====== Records for the task

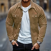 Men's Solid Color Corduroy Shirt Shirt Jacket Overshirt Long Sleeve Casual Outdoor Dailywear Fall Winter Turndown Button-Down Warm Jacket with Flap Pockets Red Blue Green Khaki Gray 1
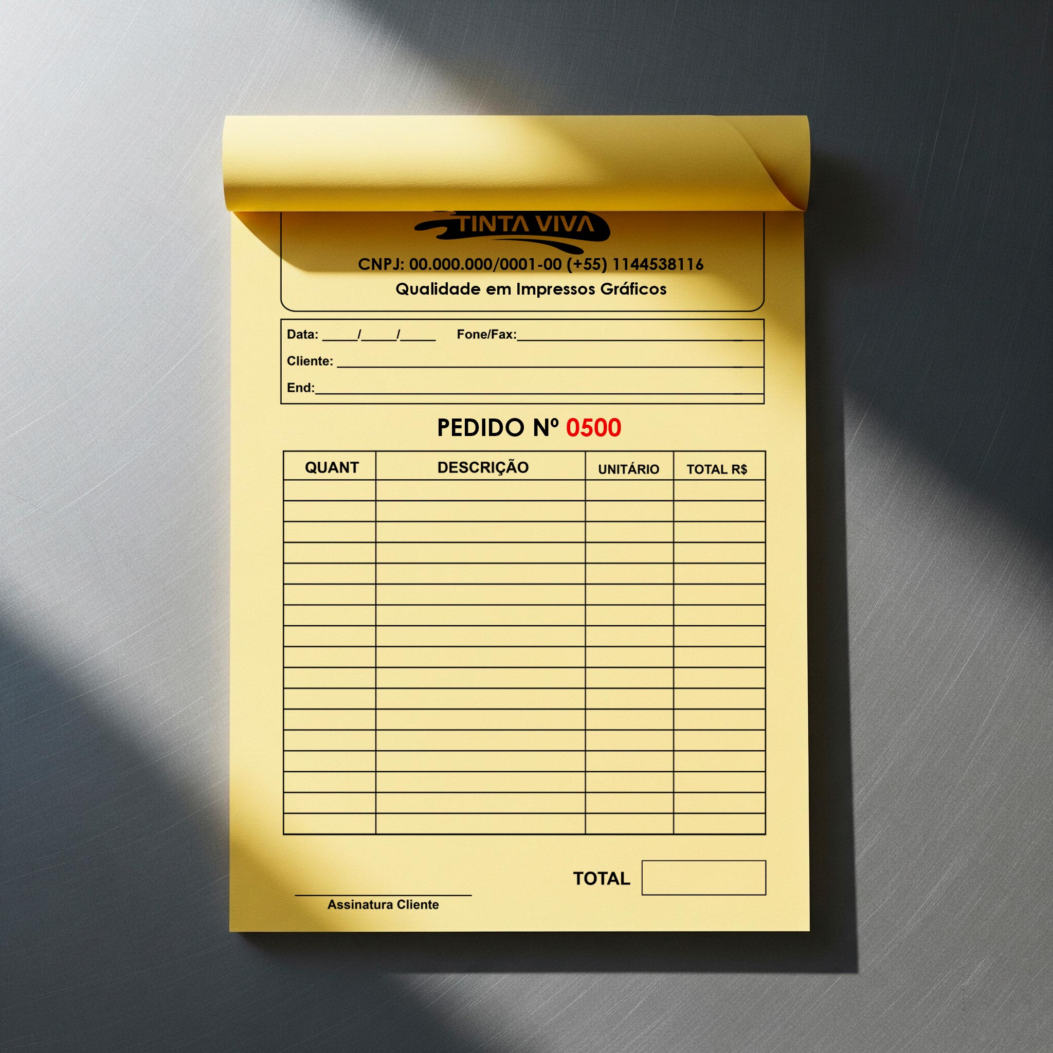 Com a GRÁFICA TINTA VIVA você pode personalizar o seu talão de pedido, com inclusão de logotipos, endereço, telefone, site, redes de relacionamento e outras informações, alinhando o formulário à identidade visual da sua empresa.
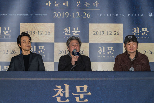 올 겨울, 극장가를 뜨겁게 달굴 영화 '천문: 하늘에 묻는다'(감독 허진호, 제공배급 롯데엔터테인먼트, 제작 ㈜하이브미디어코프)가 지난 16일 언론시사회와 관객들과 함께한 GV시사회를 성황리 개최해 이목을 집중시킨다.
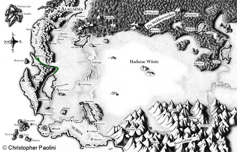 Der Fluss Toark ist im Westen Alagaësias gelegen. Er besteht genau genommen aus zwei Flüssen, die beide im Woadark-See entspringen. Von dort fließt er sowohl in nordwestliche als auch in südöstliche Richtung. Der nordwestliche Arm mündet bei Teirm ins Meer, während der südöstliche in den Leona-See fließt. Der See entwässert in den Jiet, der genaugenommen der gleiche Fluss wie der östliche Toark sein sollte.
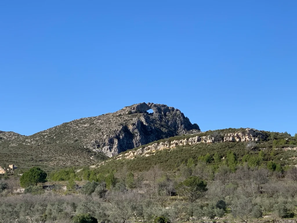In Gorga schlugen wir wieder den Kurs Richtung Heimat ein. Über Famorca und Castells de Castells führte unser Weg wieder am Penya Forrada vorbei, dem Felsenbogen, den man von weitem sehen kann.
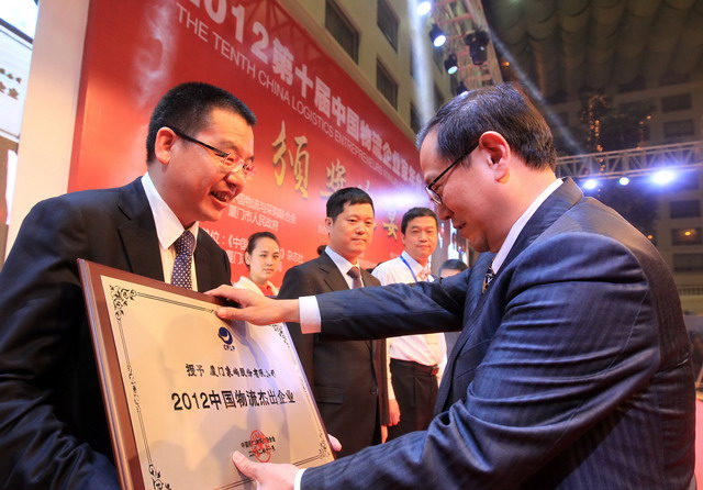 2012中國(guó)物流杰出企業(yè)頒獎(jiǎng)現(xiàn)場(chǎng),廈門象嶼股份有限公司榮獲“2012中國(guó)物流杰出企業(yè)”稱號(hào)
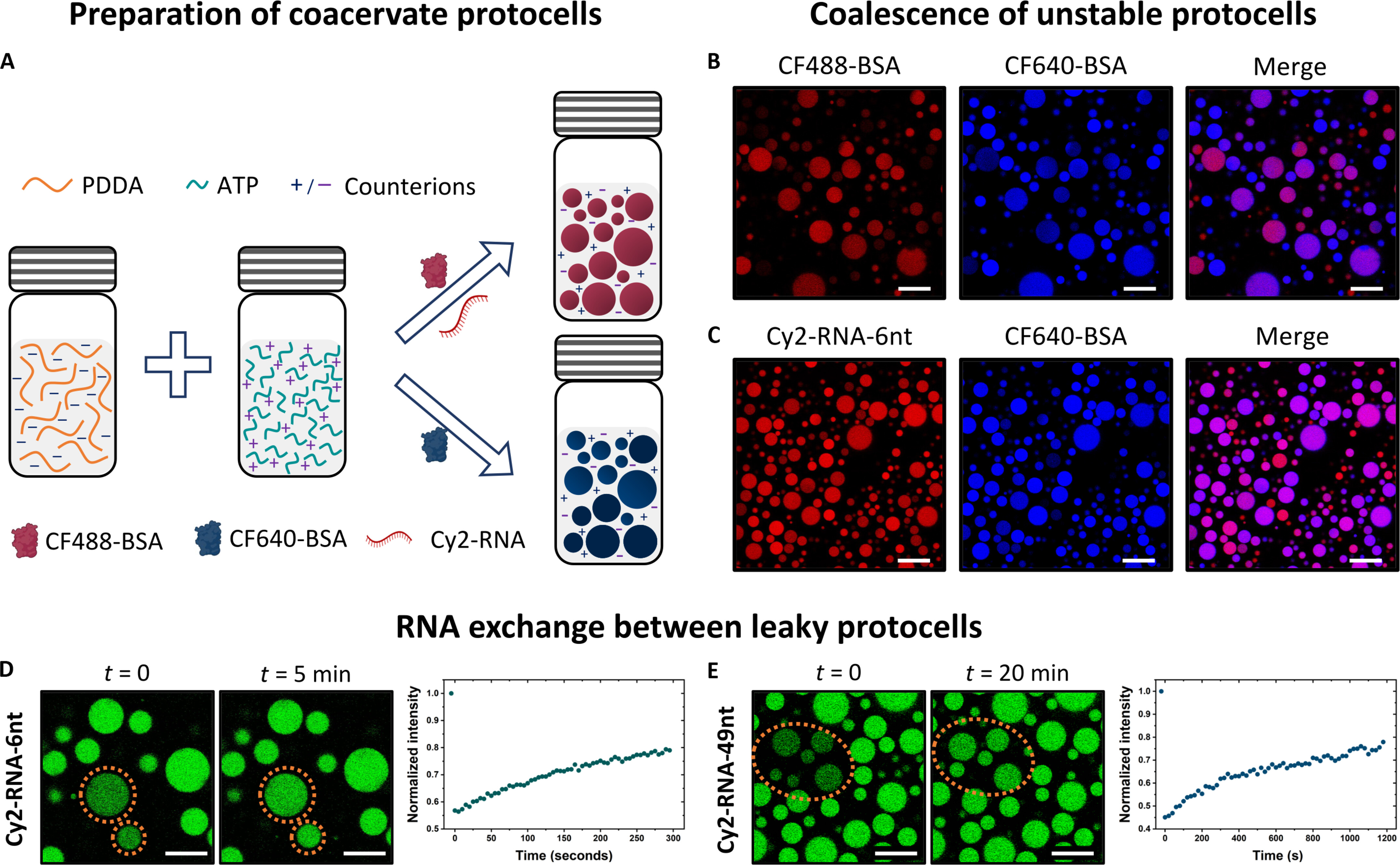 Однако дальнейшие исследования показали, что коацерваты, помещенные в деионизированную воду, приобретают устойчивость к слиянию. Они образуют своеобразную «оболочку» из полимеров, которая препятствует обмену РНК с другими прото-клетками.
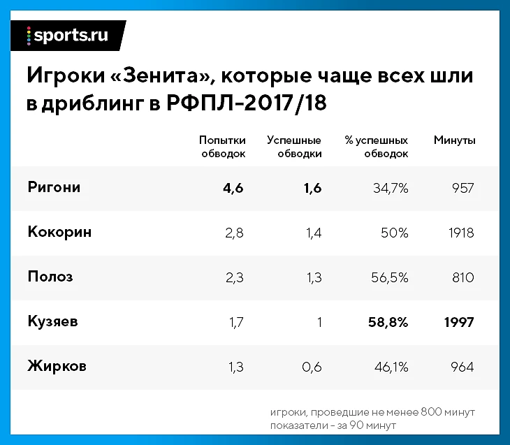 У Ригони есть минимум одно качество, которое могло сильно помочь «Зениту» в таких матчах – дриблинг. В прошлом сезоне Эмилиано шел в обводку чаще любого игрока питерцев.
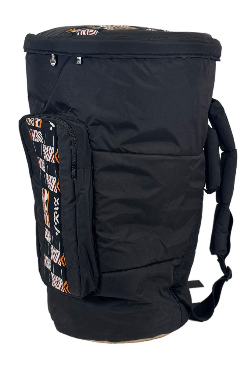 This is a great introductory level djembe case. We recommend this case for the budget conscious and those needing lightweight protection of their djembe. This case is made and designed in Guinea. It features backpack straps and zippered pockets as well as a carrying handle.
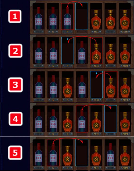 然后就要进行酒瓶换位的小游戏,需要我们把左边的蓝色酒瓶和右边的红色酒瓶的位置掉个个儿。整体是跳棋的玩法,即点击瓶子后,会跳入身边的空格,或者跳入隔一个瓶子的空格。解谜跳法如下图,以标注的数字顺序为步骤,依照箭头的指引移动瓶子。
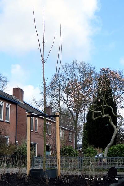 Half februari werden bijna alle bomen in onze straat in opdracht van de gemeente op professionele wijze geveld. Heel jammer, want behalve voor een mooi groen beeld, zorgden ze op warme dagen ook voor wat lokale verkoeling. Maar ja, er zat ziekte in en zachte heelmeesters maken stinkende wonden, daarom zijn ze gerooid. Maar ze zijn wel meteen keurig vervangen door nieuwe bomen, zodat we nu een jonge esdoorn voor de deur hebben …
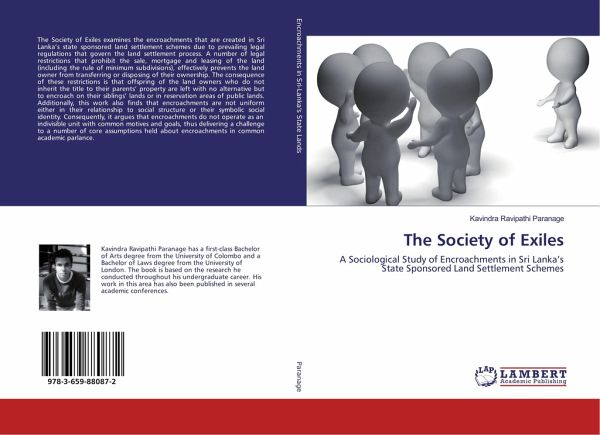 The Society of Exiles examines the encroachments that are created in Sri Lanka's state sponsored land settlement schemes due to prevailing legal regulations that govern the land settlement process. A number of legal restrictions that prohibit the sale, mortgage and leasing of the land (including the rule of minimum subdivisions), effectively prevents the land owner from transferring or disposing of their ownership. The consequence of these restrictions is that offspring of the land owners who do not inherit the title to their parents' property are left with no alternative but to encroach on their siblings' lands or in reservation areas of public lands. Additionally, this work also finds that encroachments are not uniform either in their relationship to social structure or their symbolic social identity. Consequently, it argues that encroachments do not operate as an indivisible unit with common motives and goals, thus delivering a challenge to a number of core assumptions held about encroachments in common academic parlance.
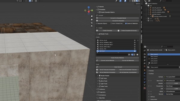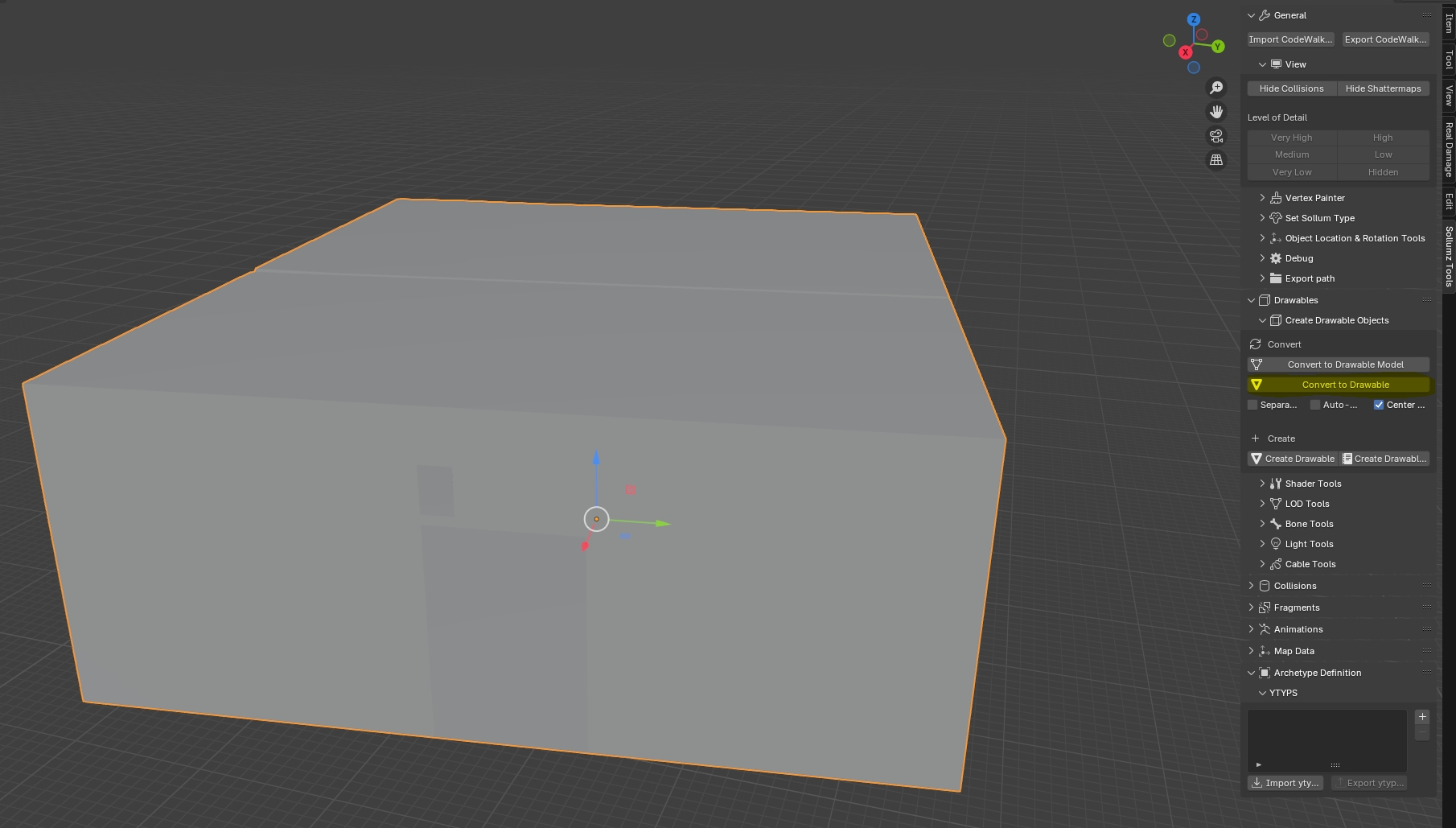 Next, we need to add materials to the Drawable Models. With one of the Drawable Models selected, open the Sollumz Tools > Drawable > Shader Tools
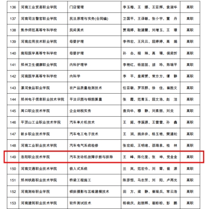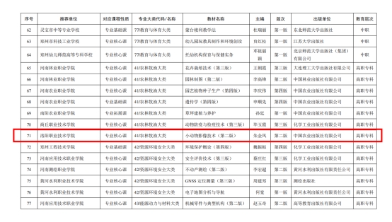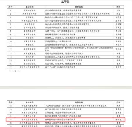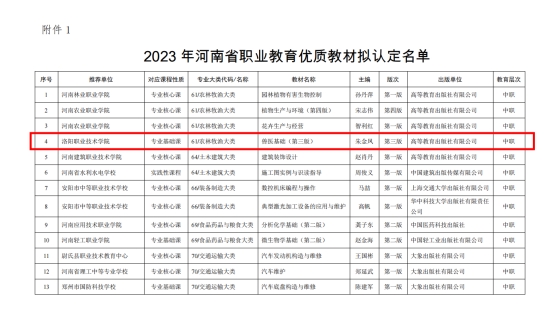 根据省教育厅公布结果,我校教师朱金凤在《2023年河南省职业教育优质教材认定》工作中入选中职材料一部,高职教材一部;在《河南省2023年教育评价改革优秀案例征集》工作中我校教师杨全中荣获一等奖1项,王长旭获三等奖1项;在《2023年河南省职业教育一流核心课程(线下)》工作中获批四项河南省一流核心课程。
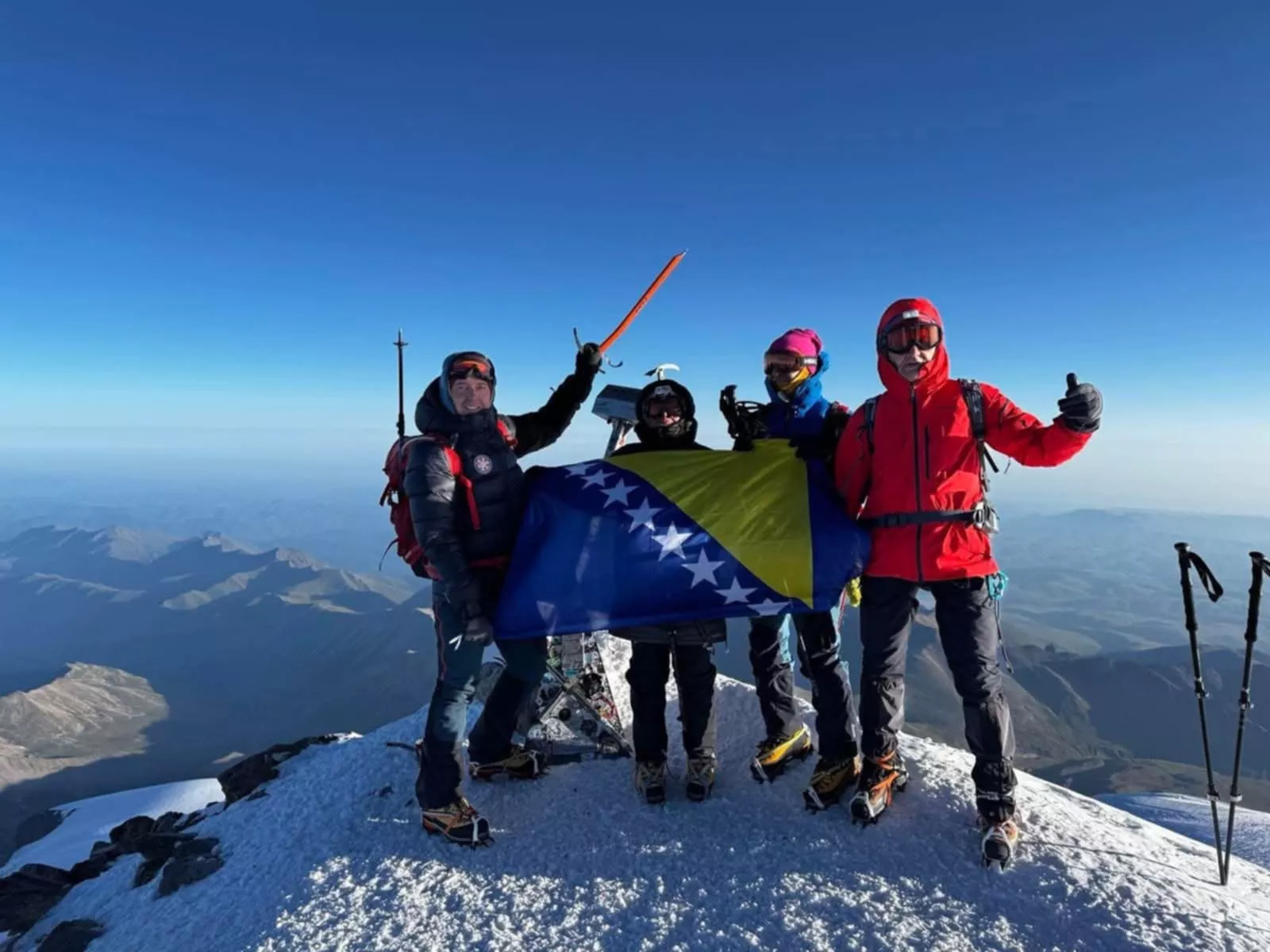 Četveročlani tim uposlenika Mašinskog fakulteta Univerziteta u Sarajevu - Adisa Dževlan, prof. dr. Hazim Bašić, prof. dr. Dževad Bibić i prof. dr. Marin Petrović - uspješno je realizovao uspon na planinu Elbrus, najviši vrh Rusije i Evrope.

============

● **Your goal**
Going by the data above, the answer is exactly the lines from the one holding "This is a great" to the one holding "Half februari werden", both kept, with the pictures left out.

● **Response box**
 This is a great introductory level djembe case. We recommend this case for the budget conscious and those needing lightweight protection of their djembe. This case is made and designed in Guinea. It features backpack straps and zippered pockets as well as a carrying handle.
 然后就要进行酒瓶换位的小游戏,需要我们把左边的蓝色酒瓶和右边的红色酒瓶的位置掉个个儿。整体是跳棋的玩法,即点击瓶子后,会跳入身边的空格,或者跳入隔一个瓶子的空格。解谜跳法如下图,以标注的数字顺序为步骤,依照箭头的指引移动瓶子。
 Half februari werden bijna alle bomen in onze straat in opdracht van de gemeente op professionele wijze geveld. Heel jammer, want behalve voor een mooi groen beeld, zorgden ze op warme dagen ook voor wat lokale verkoeling. Maar ja, er zat ziekte in en zachte heelmeesters maken stinkende wonden, daarom zijn ze gerooid. Maar ze zijn wel meteen keurig vervangen door nieuwe bomen, zodat we nu een jonge esdoorn voor de deur hebben …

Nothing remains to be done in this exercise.